Пришедший являлся   только к кошевому; который обыкновенно говорил:
   - Здравствуй! Что, во Христа веруешь?
   - Верую! - отвечал приходивший.
   - И в троицу святую веруешь?
   - Верую!
   - И в церковь ходишь?
   - Хожу!
   - А ну, перекрестись!
   Пришедший крестился.
   - Ну, хорошо, - отвечал кошевой, - ступай же в который сам знаешь
  курень.
…Сечь состояла из шестидесяти с лишком куреней, которые
  очень походили на отдельные, независимые республики, а еще более походили на
  школу и бурсу детей, живущих на всем готовом.
Никто ничем не заводился и не  держал у себя. Все было на руках у куренного атамана, который за это   обыкновенно носил название батька. У него были на руках деньги, платья, весь
  харч, саламата, каша и даже топливо; ему отдавали деньги под сохран. Нередко
  происходила ссора у куреней с куренями. В таком случае дело тот же час
  доходило до драки. Курени покрывали площадь и кулаками ломали друг другу
  бока, пока одни не пересиливали наконец и не брали верх, и тогда начиналась
  гульня….
Он все придумывал, как бы
  поднять Сечь на отважное предприятие, где бы можно было разгуляться как
  следует рыцарю. Наконец в один день пришел к кошевому и сказал ему прямо:
   - Что, кошевой, пора бы погулять запорожцам?

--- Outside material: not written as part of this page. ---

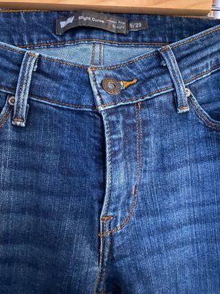 Vaqueros de corte clásico para mujer. Modelo slight curve modern rise, straight 8/29. Se han usado pero están muy bien cuidados. Mínimo desgaste en la entrepierna que se ve en la foto. He puesto talla 40 porqué no encuentro la equivalencia de la talla 29 de levi’S. 99% algodon 1% elastano
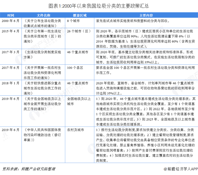 2019年全國及重點城市垃圾分類行業(yè)政策匯總及解讀

   - Негде погулять, - отвечал кошевой, вынувши изо рта маленькую трубку и
  сплюнув на сторону.
   - Как негде? Можно пойти на Турещину или на Татарву.
   -Не можно ни в Турещину, ни в Татарву, - отвечал кошевой, взявши опять
  хладнокровно в рот свою трубку.
   - Как не можно?
   - Так. Мы обещали султану мир.
   - Да ведь он бусурмен: и бог и Святое писание велит бить бусурменов.
   - Не имеем права. Если б не клялись еще нашею верою, то, может быть, и
  можно было бы; а теперь нет, не можно.
   - Как не можно? Как же ты говоришь: не имеем права? Вот у меня два
  сына, оба молодые люди. Еще ни разу ни тот, ни другой не был на войне, а ты
  говоришь - не имеем права; а ты говоришь - не нужно идти запорожцам.
   - Ну, уж не следует так.
   - Так, стало быть, следует, чтобы пропадала даром козацкая сила, чтобы
  человек сгинул, как собака, без доброго дела, чтобы ни отчизне, ни всему
  христианству не было от него никакой пользы? Так на что же мы живем, на
  какого черта мы живем? растолкуй ты мне это. Ты человек умный, тебя недаром
  выбрали в кошевые, растолкуй ты мне, на что мы живем?
   Кошевой не дал ответа на этот запрос Это был упрямый козак. Он немного
  помолчал и потом сказал:
   - А войне все-таки не бывать.
   - Так не бывать войне? - спросил опять Тарас.
   - Нет.
   - Так уж и думать об этом нечего?
   - И думать об этом нечего.
   "Постой же ты, чертов кулак! - сказал Бульба про себя, - ты у меня  будешь знать!"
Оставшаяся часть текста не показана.